Extended Data Figure 2. LBD dimer rearrangement and dynamics.

a-b, Top down view from the extracellular side of the membrane, showing the LBD layer of the intact ∆2 NMDA receptor (a) with GluN1 in blue and GluN2B in yellow, and of the ∆ATD NMDA receptor (b) with GluN1 in green and GluN2B in orange. The M3-LBD linkers of GluN2B (red ribbon, Q653-S664) adopt distinct conformations in the two receptors. Shown are distances between GluN2B R739 residues (β carbon atoms; salmon spheres), the residue selected for the DEER experiments (in Å) in both the intact and ∆ATD receptors. c, Cartoon emphasizing how the ATDs participate in defining the conformation of the LBD layer and how this, in turn, keeps the GluN2B M3-D2 linker in a conformation capable of opening the channel gate. d, The F_o-F_c density (3σ, green mesh) fits loop 1 of the GluN1 subunit (blue cartoon) but not of the GluN2B subunit (orange cartoon). e, DEER data of MTSSL-labeled GluN2B R739C ∆ATD (red) (sample size n=2) and intact NMDA receptor (blue) (sample size n=1). Peak-normalized echo decay and the fits are shown on the left, and probability distributions of DEER distances are shown on the right.

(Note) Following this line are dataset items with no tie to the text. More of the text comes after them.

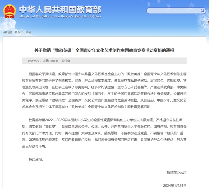 南方網(wǎng)訊 (記者/倪仕軒)1月24日,教育部網(wǎng)站發(fā)布關(guān)于撤銷“致敬英雄”全國青少年文化藝術(shù)創(chuàng)作主題教育競賽活動(dòng)資格的通報(bào),全文如下: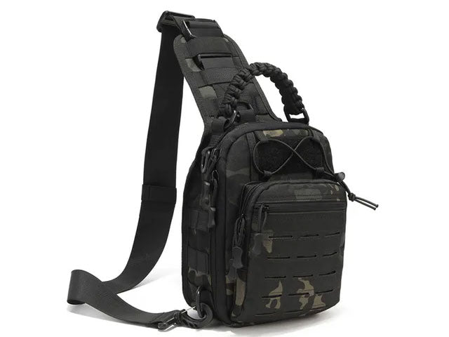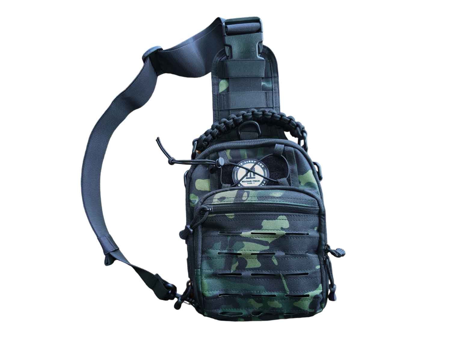 This sling pack is the perfect size for concealed carrying. The dark camo look and molle webbing add a tactical look and functionality to the bag.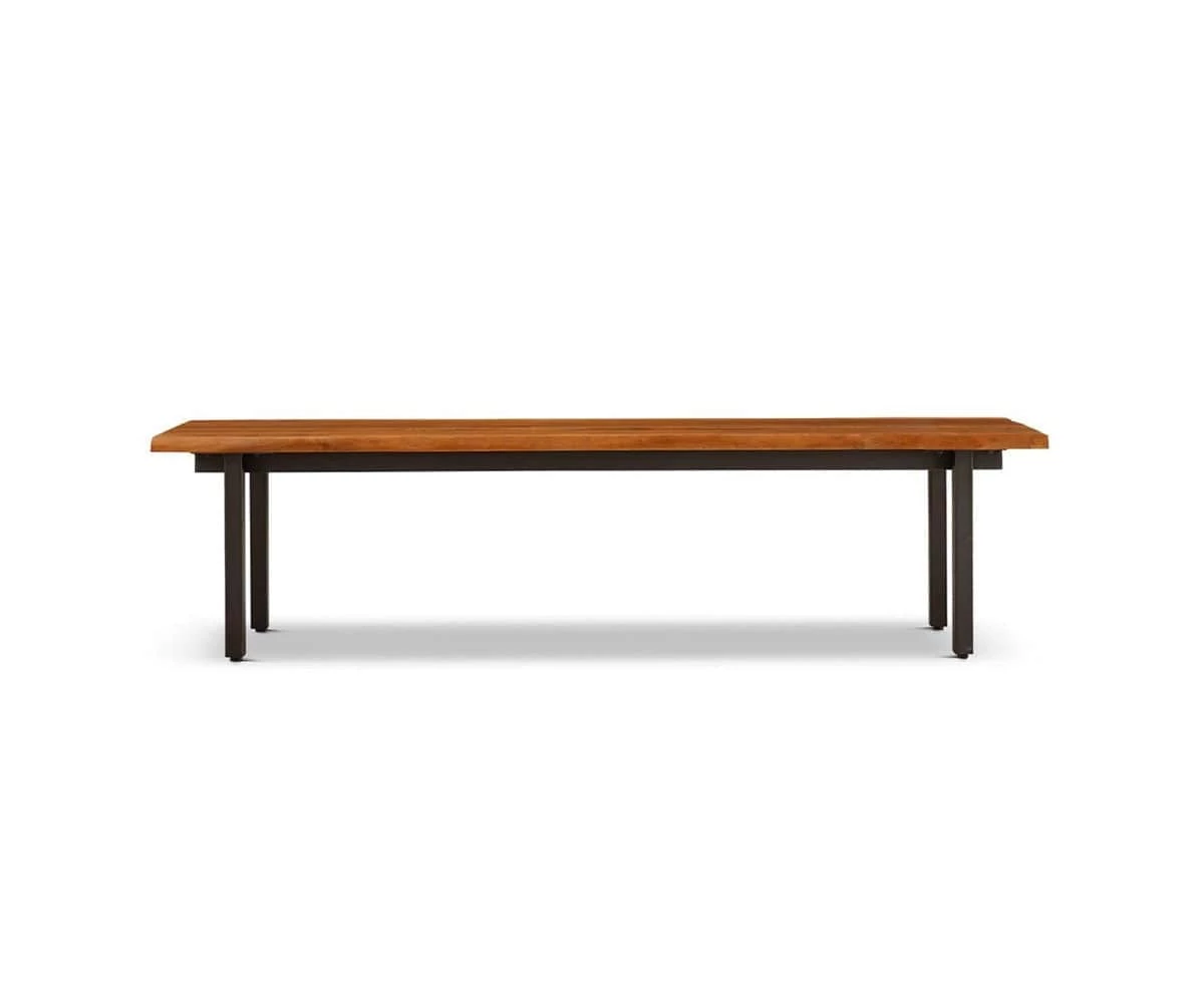 The Karsten Bench showcases a streamlined design rich with natural wood details. A powder-coated metal frame contrasts dramatically with the solid American Poplar, giving this contemporary piece a rustic industrial feel perfectly suited to any space in your home.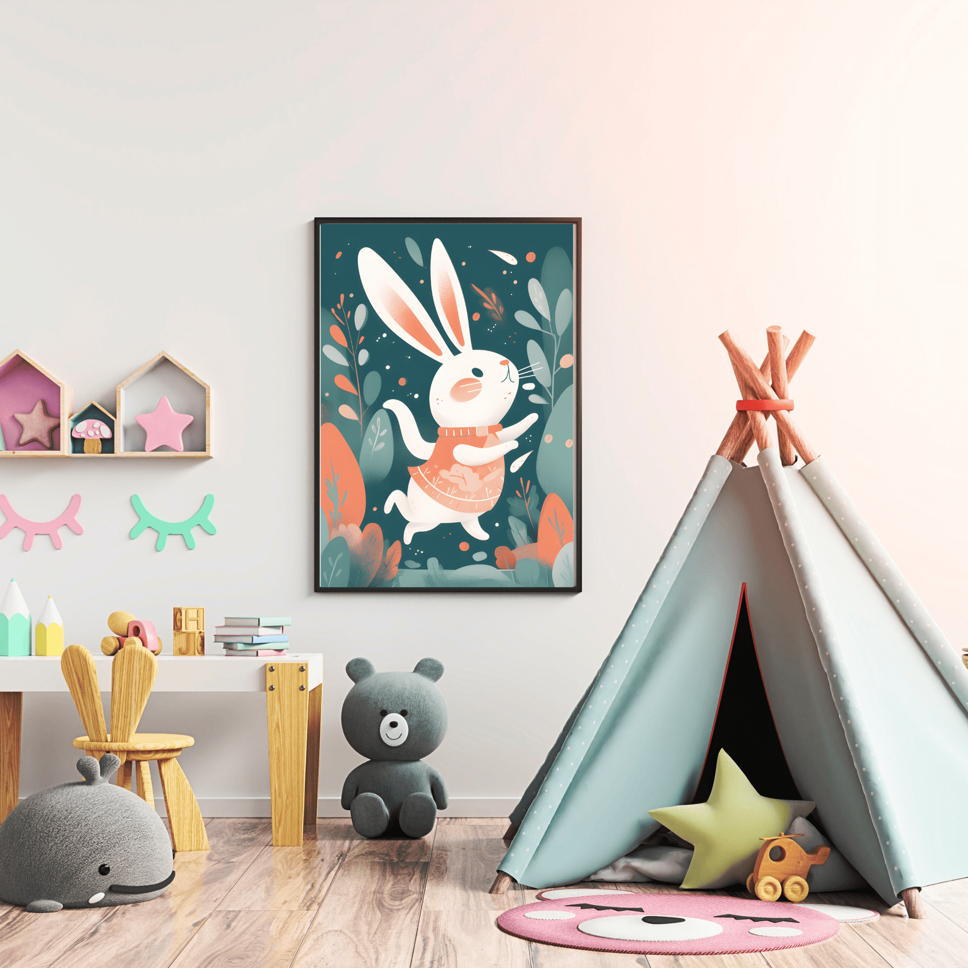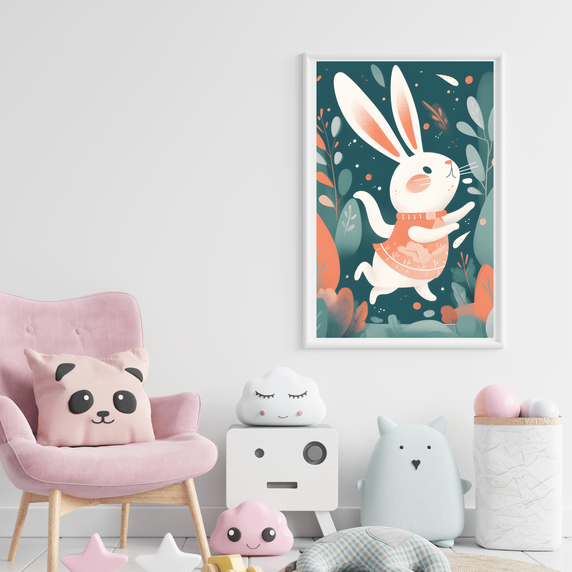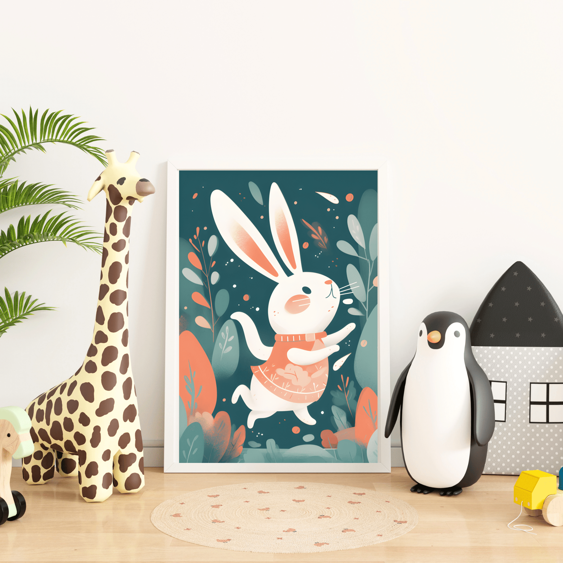 - This Bunny Print features a delightful bunny character, vibrant colors, and a touch of whimsy.

The probability distributions of the DEER distances show two major peaks, one centered at 35–40 Å and a second broad peak at ~55 Å. The amplitude of the two peaks in the ∆ATD receptor are comparable, with the 55 Å peak corresponding to the ‘rearranged’ LBD layer as seen in the ∆ATD crystal structure, whereas the shorter distance (~35–40 Å) indicates the canonical LBD arrangement, like that observed in the intact receptor structure. The intact receptor, by contrast, shows one major narrow peak at ~40 Å which corresponds nicely to the predicted distance based on the intact receptor crystal structure, whereas the small peak centered around 55 Å suggests the intact receptor may harbor a minor population with a ∆ATD-like LBD arrangement.